We acknowledge several limitations of our study. First, our findings may not be generalizable to different ethnic groups, as the study exclusively involved a Korean population. Second, despite multiple assessments of the TyG index to enhance reliability, the retrospective nature of the study limits the establishment of a causal relationship. Third, participants without at least three TyG index measurements during the follow-up period were excluded, which could bias the study results. Further analysis including patients with one or two TyG index measures also revealed an association between the TyG index and PD risk, with a slightly greater HR than when only participants with three or more measures were analyzed.
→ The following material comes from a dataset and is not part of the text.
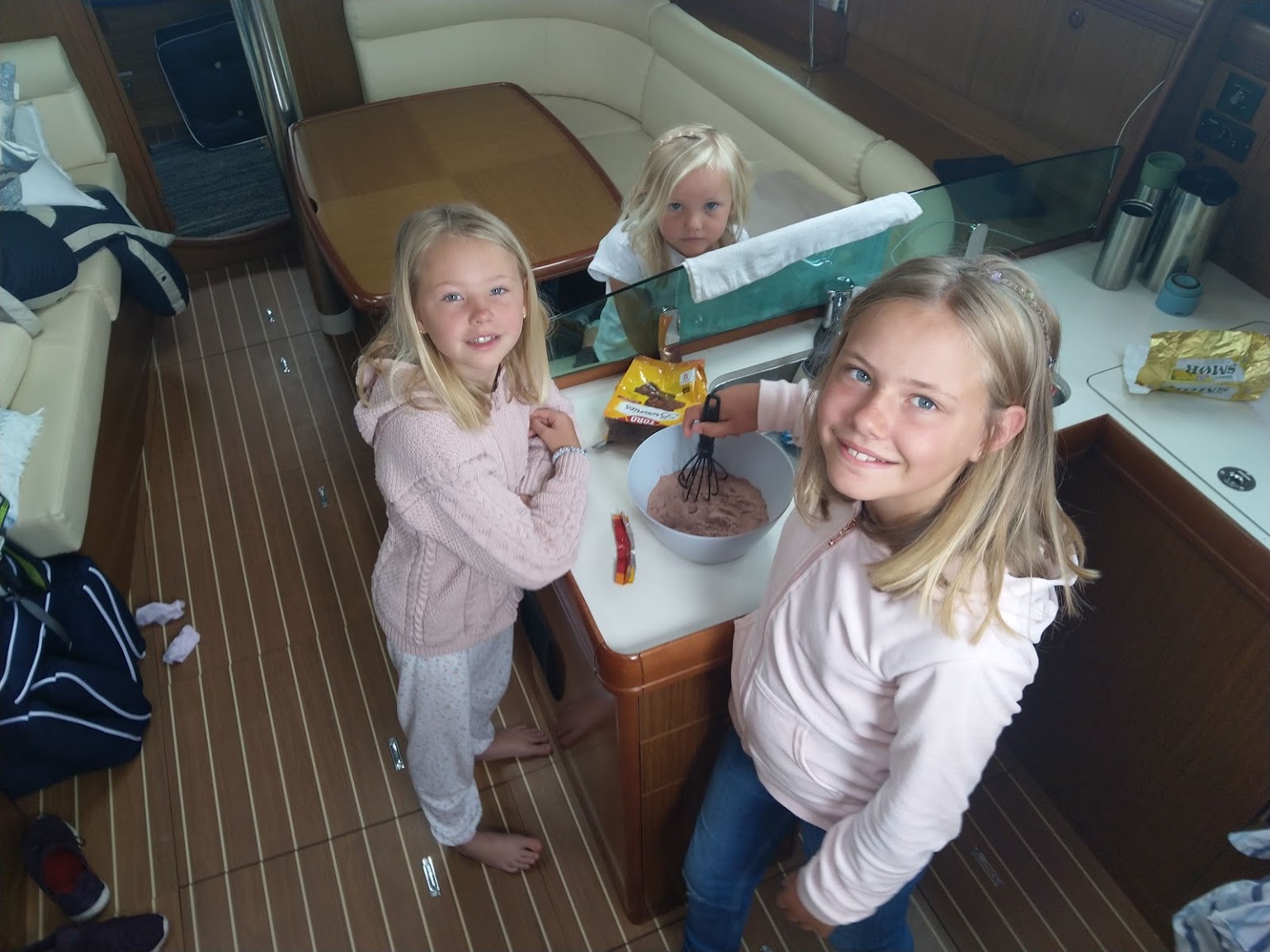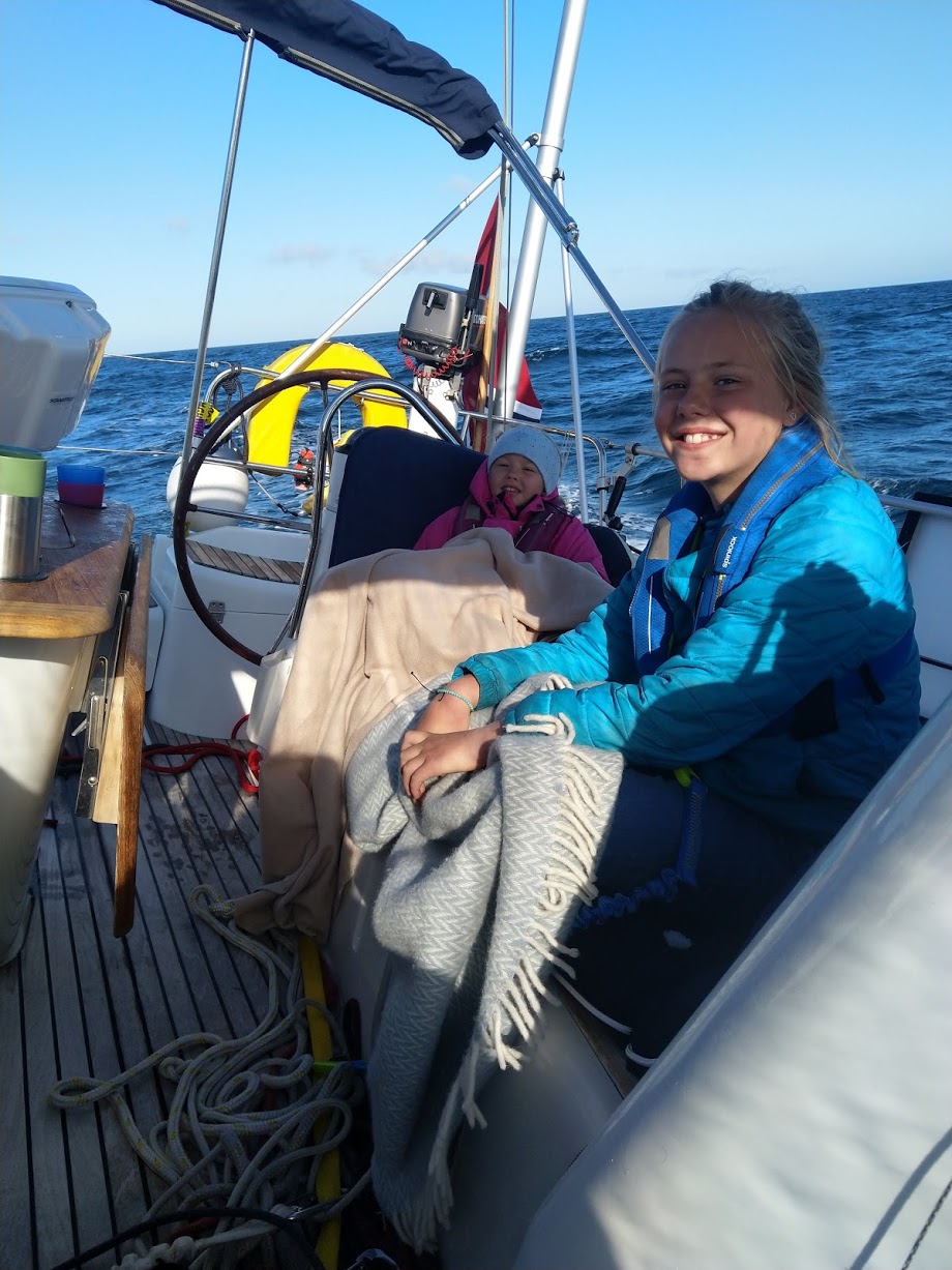 Vi la ut fra Mandal sammen med to andre båter, Ruffen og Terne. Ombord der er det også familier med henholdsvis to og tre jenter på samme alder som også er på tur. Vi har fulgt hverandre hele veien og hatt VHF kontakt hver fjerde time. Hyggelig å holde kontakten!

We cannot explain why this difference occurred in this study, but it may be due to differences in the population. Fourth, the reliance on health screening data from a general population means that key PD-related imaging biomarkers, such as the results of a beta-CIT–PET study, were not included. Fifth, hemoglobin A1C and homeostatic model assessment of insulin resistance data were not available for our study cohort. Sixth, the accuracy of blood-based measurements of triglycerides and glucose in this cohort may be inaccurate because of a lack of standardization among laboratories. Additionally, long-term dietary or nutritional status can also impact these tests. Finally, because this cohort was constructed between 2002 and 2019 and the median follow-up was 9.64 years, recent antidiabetic medications, including DPP-4 inhibitors, GLP-1 agonists or SGLT2 inhibitors, were not commonly used in the baseline dataset.
- Conclusion
Our study demonstrated that increased TyG index scores were nonlinearly associated with the incidence risk of PD in the general population. Future research with direct measurement of insulin resistance combined with nutritional data in a large population longitudinal study would be helpful to further investigate the impact of insulin resistance on the occurrence of PD.